This year alone Cunningham will have created three new dances, two of which will be presented when the Merce Cunningham Dance Company returns to City Center for two weeks, March 8-20.

The week prior to the Cunningham Company’s own New York season,  Baryshnikov Production’s White Oak Dance Project will present Cunningham’s “Signals,” as part of its New York State Theatre season.  (Mikhail Baryshnikov will dance Cunningham’s role in the 1970 classic).  The White Oak Project has dedicated its opening night performance to Cunningham in honor of his upcoming birthday.  There will be a post-performance gala dinner dance on the Promenade of the State Theatre, the proceeds from which will benefit the Cunningham Dance Foundation.
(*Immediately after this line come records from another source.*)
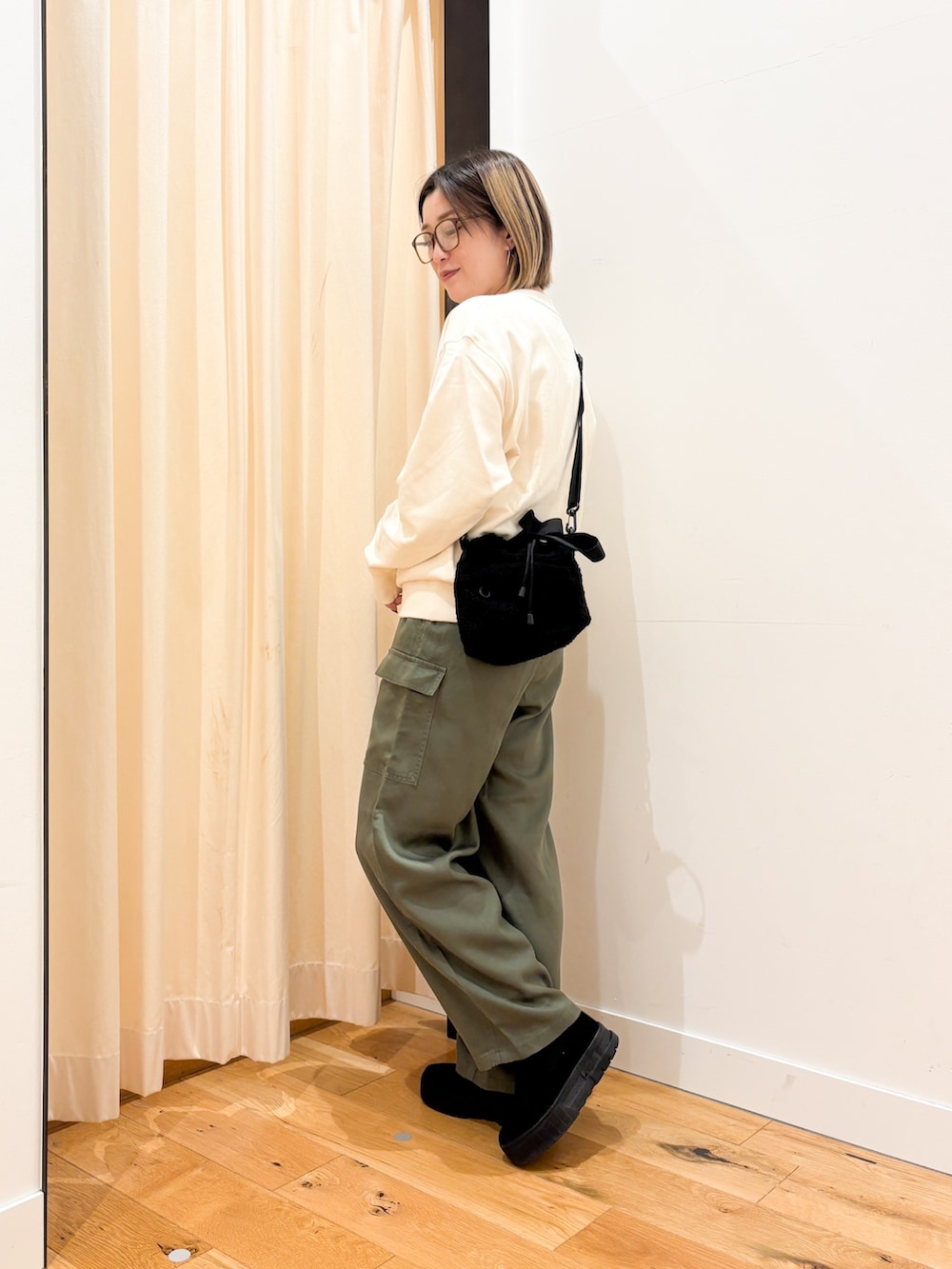 ボアのショルダーバッグは昨年私もリアルバイした商品で、見た目よりもたくさんものが入りとても使い勝手が良いです◎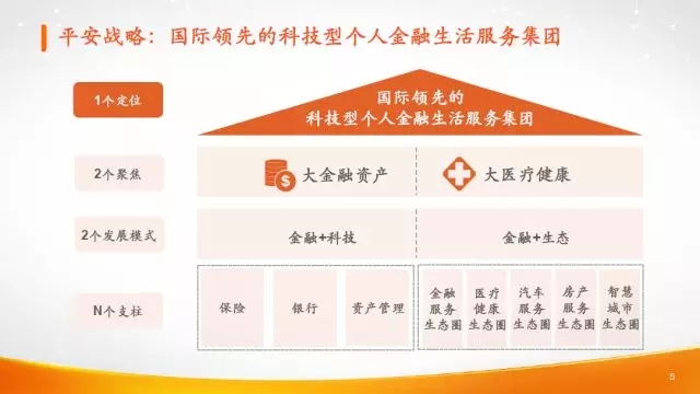 中国平安长期以来一直在理念上引领行业,从声称竞争对手是科技公司,到提出科技驱动转型,再到今年又提出“金融+生态”,并在年报中详细介绍了目前已经建立的“五大生态”。“五大生态”听着耳熟,没错,在3月20日的文章中,刚刚介绍了众安在线的“五大生态”——这年头,做企业不提“生态”好像就已经OUT了。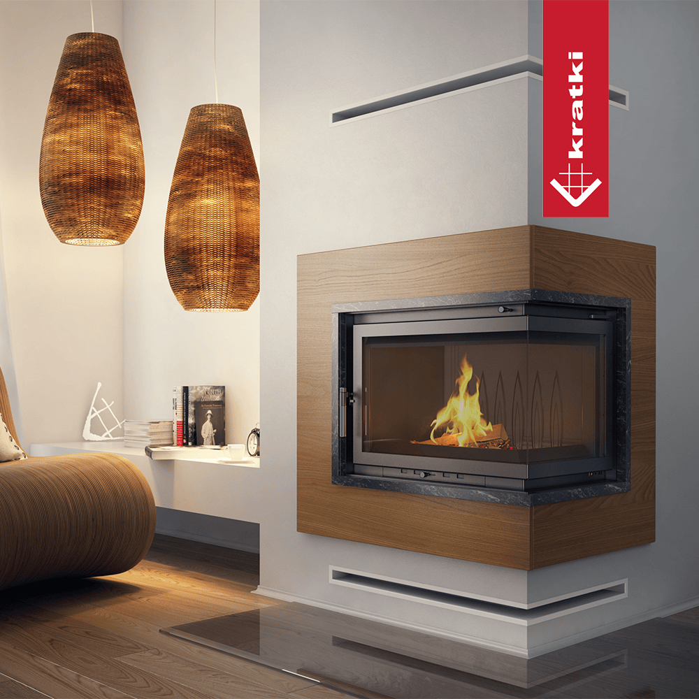 Przeszklenie z dwóch stron zwiększa wizję ognia i doskonale wpisuje się w stylistykę nowoczesnych wnętrz. Tego typu kominek jest często wybierany w przypadku otwartych pomieszczeń, w których łączone są różne przestrzenie, np. salon z jadalnią.

Then during the next week at City Center, the Cunningham Company will present the world premiere of “Breakers,” which was commissioned by the John F. Kennedy Center for the Performing Arts.  Also scheduled is the New York premiere of “CRWDSPCR” (pronounced “Crowdspacer”), which had been commissioned by and received its first performance at the 60th anniversary American Dance Festival in Durham, NC last summer.  The Company’s City Center season will further feature the revival of Cunningham’s “Sounddance”;  premiered in 1975, “Sounddance” was last seen in New York in 1980.  Additionally, there will be revivals of “Inlets 2,” which was premiered in 1983, and “Cargo X,” which was premiered in 1989.

“Ocean,” Cunningham’s third new dance, will receive its world premiere at the Cirque Royal in Brussels as part the Internationale kunstenFestvaldesArts on May 18 through May 21. The title was derived from what was to be Jame’s Joyce’s last novel of the same name.  John Cage and Merce Cunningham had intended to create “Ocean” for Zurich’s Joyce/Cage Festival in 1991.  Conceived originally by Cage and Cunningham, the 90-minute work will be designed for a circular space.  The dance includes two musical scores: over 100 orchestral musicians who are situated in a circle above and around the audience will perform a composition created by Andrew Culver; there will also be an electronic score composed and performed by David Tudor. The design and lighting will be by Marsha Skinner. “Ocean” will be next performed as part of the Holland Festival in Amsterdam, June 27-June 30.  Following its Brussels season, and prior to its Holland Festival engagement, the Company is scheduled to perform repertory in Germany, Portugal and Denmark.  (Exact dates to be announced.)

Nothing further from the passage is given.